8. A method for improving a tire curing bladder mold core comprised of a core portion with an exterior surface, said method comprising the step of: forming grooves in at least a portion of the exterior surface of the core portion.

9. The method of claim 8 wherein at least a portion of said grooves are formed by milling which is comprised of the following steps: transferring a desired pattern of the grooves onto a 3 dimensional model of the core portion;producing a G-code program and placing the core portion onto a milling machine; andmilling the desired pattern onto at least a portion of the exterior surface of the core portion.

10. The method of claim 8 wherein at least a portion of said grooves are formed by chemical etching.
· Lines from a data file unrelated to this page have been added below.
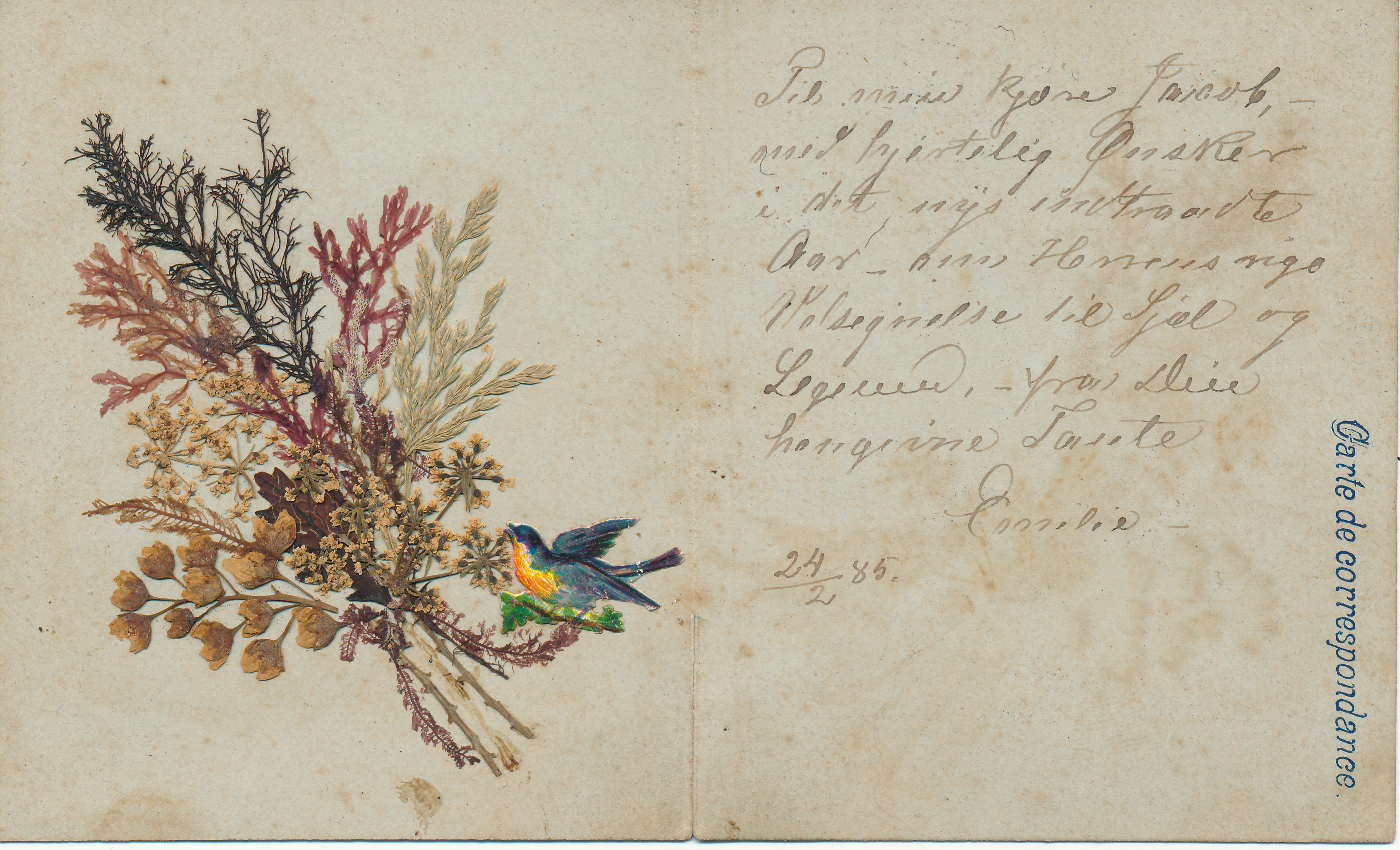 Til min kjære Jacob, med hjertelig Ønsker i det nys indtraadte Aar - maa Herrens rige Velsignelse til Sjæl og Legeme, fra din hengivne Tante Emilie 24/2 85 | på Fotoalbummets oversigtsside findes en forklaring på hvem Emlie og Jacob kan være. |
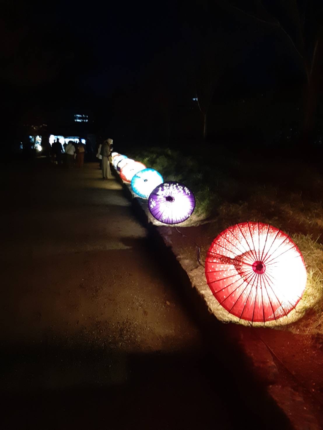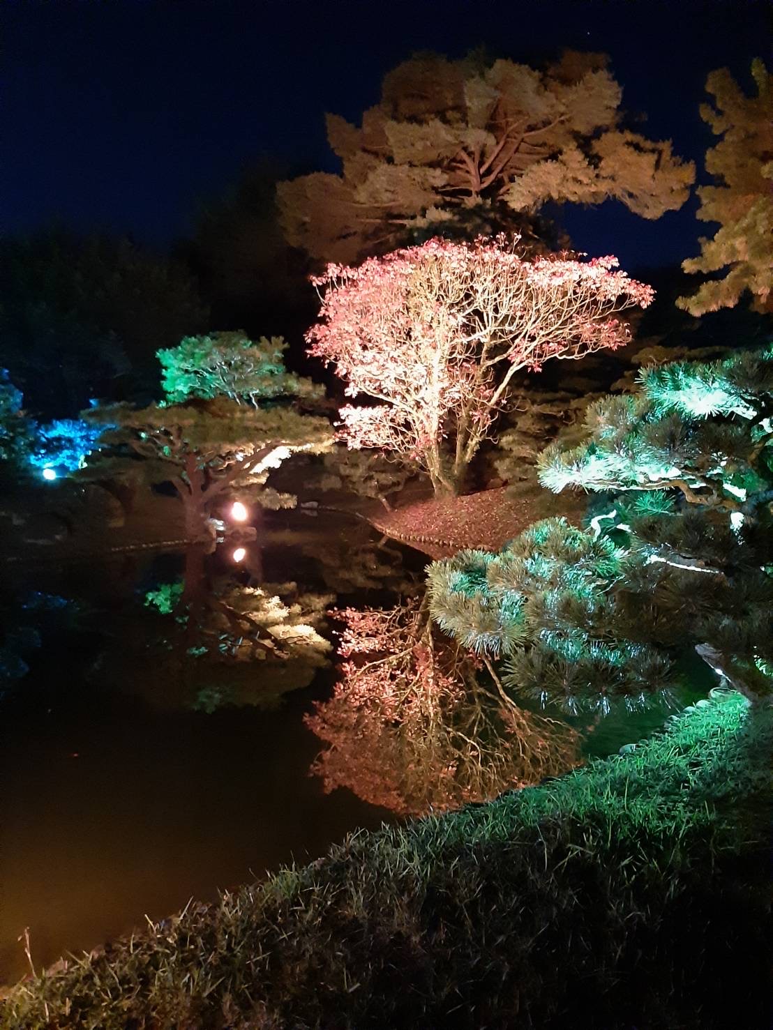 紅葉などの木々がライトアップされて幻想的な雰囲気でした。
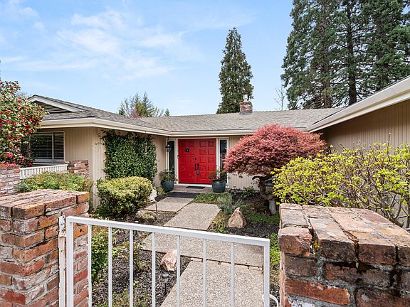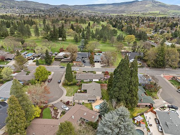 Experience a true mid-century modern home built by A.R. Dubs! This single-level home offers 1,964 sqft with 3 bedrooms and 2 bathrooms, and effortlessly blends mid-century design with contemporary updates. Enjoy vaulted ceilings, LVP flooring throughout, and a striking floor-to-ceiling brick wall fireplace in the living room, plus a cozy gas fireplace and built-in mini-bar in the den. The kitchen shines with polished quartz counters, stainless steel appliances, painted white cabinets and a breakfast bar, while the formal dining room invites gatherings. Both bathrooms feature vintage tile charm. Step outside to your private oasis—an in-ground pool (recently resurfaced), covered patio, pristine low-maintenance landscaping, and serene mountain views. New roof, new Lennox heat pump, and a storage shed complete the package. Located on a quiet cul-de-sac just down the street from the Rogue Valley Country Club and golf course!
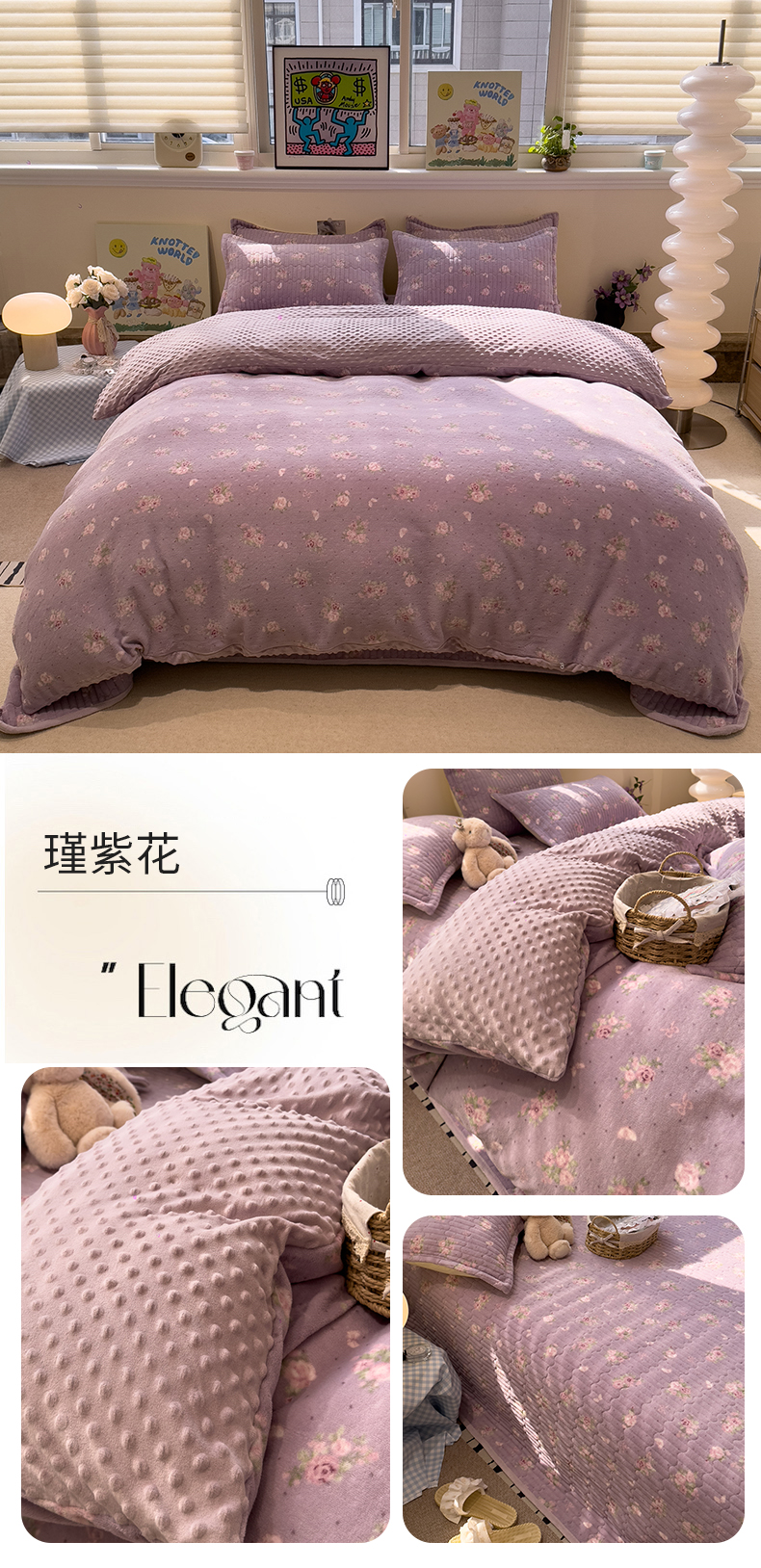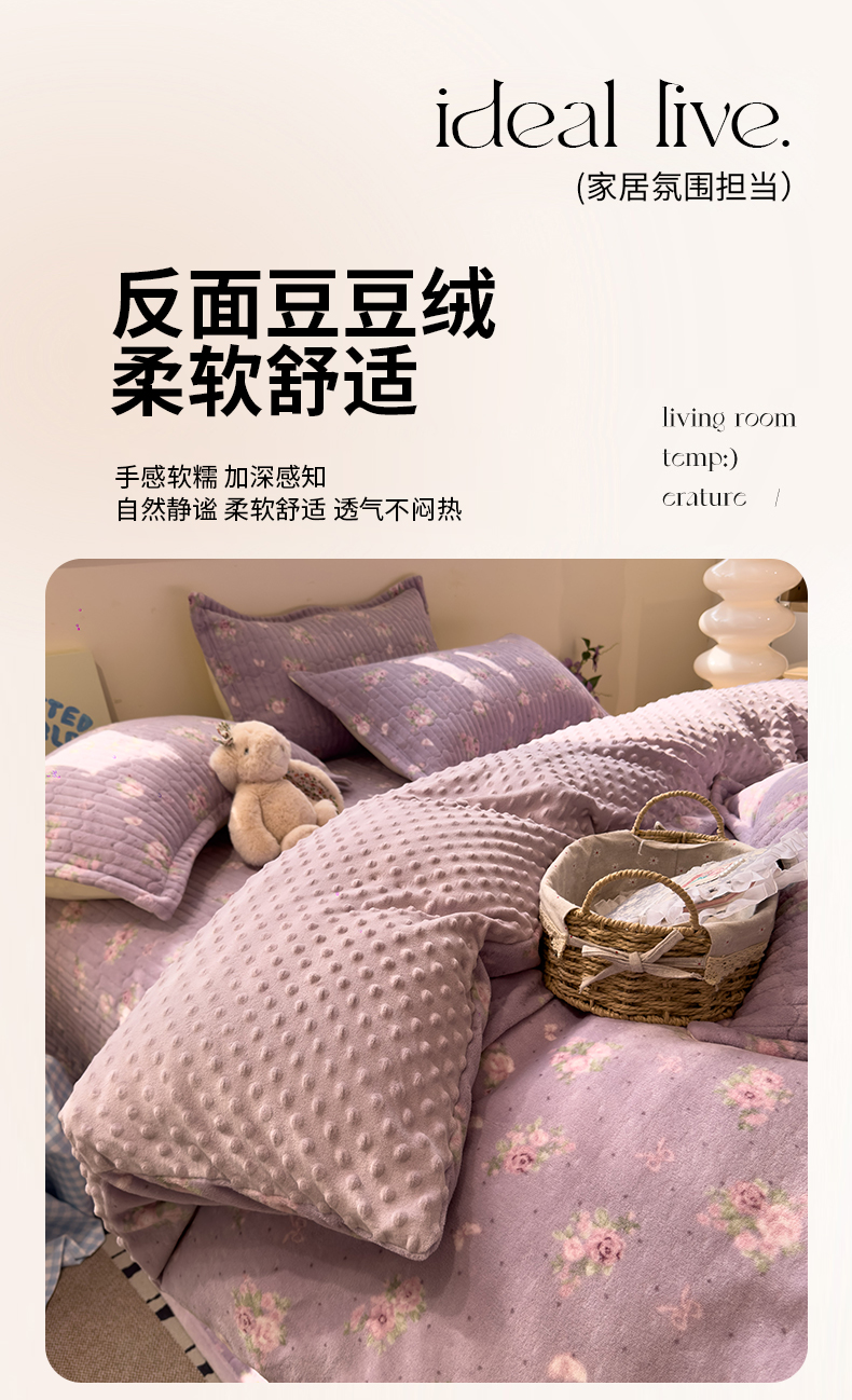 当前位置: 91家纺网 > 商品网购 > 床品套件 > 四件套 > 牛奶绒四件套 > 佰亿莱 2026新款牛奶绒豆豆绒印花床盖四件套 瑾紫花
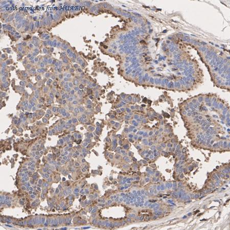 Immunohistochemical analysis of paraffin-embedded human breast cancer tissue with Rabbit anti-Cathepsin D antibody (ET1608-49) at 1/3,000 dilution. The section was pre-treated using heat mediated antigen retrieval with Tris-EDTA buffer (pH 9.0) for 20 minutes. The tissues were blocked in 1% BSA for 20 minutes at room temperature, washed with ddH2O and PBS, and then probed with the primary antibody (ET1608-49) at 1/3,000 dilution for 1 hour at room temperature. The detection was performed using an HRP conjugated compact polymer system. DAB was used as the chromogen. Tissues were counterstained with hematoxylin and mounted with DPX.
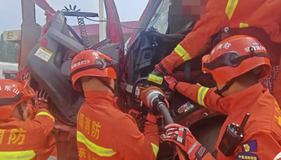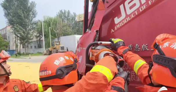 8月7日13時32分,在濱州鄒平市魏橋鎮(zhèn)金橋大道發(fā)生一起油罐車相撞事故,情況緊急,急需救援。消防救援人員到達(dá)現(xiàn)場后看到,事故發(fā)生在一個十字路口,由南向北行駛的油罐車撞上由西向東正常行駛的半掛車車廂,導(dǎo)致半掛車車廂側(cè)翻,車廂內(nèi)玉米傾瀉一地,油罐車駕駛室嚴(yán)重變形,駕駛員頭部鮮血淋漓,雙腿被卡在駕駛室內(nèi)無法脫困。 消防救援人員首先利用液壓破拆工具組對駕駛室車門進(jìn)行破拆,仔細(xì)觀察駕駛員雙腿被卡情況,并詢問是否有其他受傷部位。隨即消防救援人員利用液壓擴(kuò)張器對變形駕駛室進(jìn)行擴(kuò)張,增大被困駕駛員腿部救援空間,同時車內(nèi)消防救援人員扶住駕駛員身體,并不斷安慰被困人員情緒。 經(jīng)過10分鐘的緊張救援,消防救援人員將司機(jī)被卡的雙腿成功抽出,抬上救護(hù)車送往醫(yī)院。
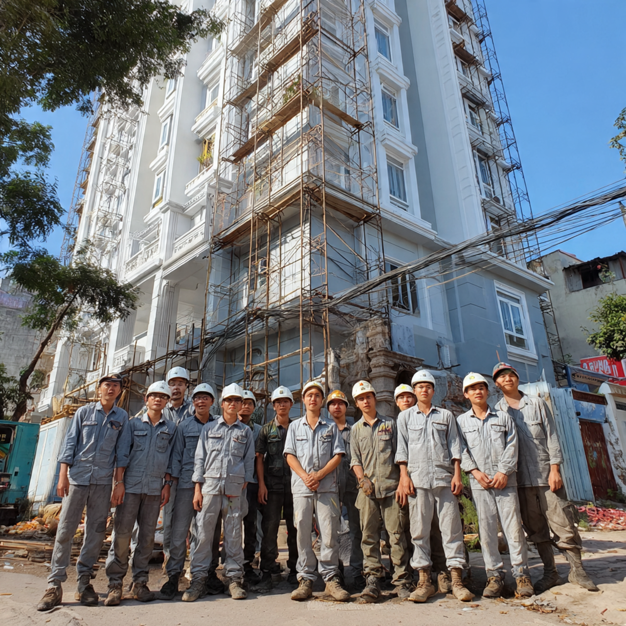 📸 Hình 1: Toàn cảnh đội ngũ Công Ty TNHH Thiết Kế Xây Dựng Sài Gòn Tower thi công sơn nhà cấp tốc tại TPHCM
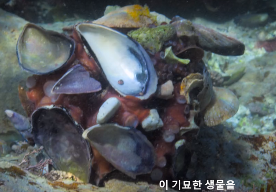 문어는 여러 조개들을 모아서 자신을 가리기도 하고
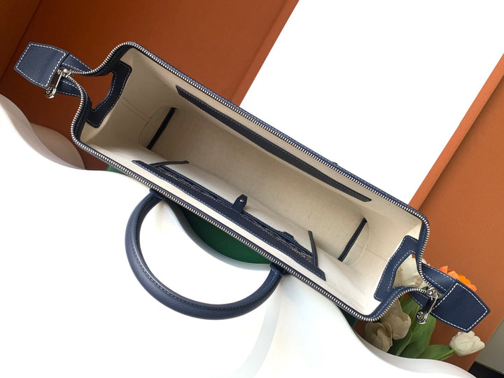 CISALPIN DOCUMENT CASE 39 IN NAVY BLUE GOYARDINE CANVAS AND CALFSKIN

11. The method of claim 10 further comprising the step of hand benching said grooves with an abrasive.

12. The method of claim 9 further comprising the step of hand polishing said grooves with an abrasive.

13. The method of claim 10 further comprising the step of hand polishing said grooves with an abrasive.

14. The method of claim 8 wherein said grooves are between 0.02 and 0.6 inches deep.

15. The method of claim 8 wherein said grooves further comprise a radius of between 0.03 and 2 inches.

16. An improved tire curing bladder with an internal surface comprised of elevated support ribs formed on the internal surface of the tire curing bladder.

17. The improved tire curing bladder of claim 16 wherein said elevated support ribs form a pattern that is repeated along a portion of said internal surface.

18. The improved tire curing bladder of claim 16 wherein said elevated support ribs extend between 0.02 and 0.6 inches above the internal surface.

19. The improved tire curing bladder of claim 16 wherein said elevated support ribs have a radius of between 0.03 and 2 inches.

20. The improved tire curing bladder of claim 16 wherein said elevated support ribs strengthen said tire curing bladder.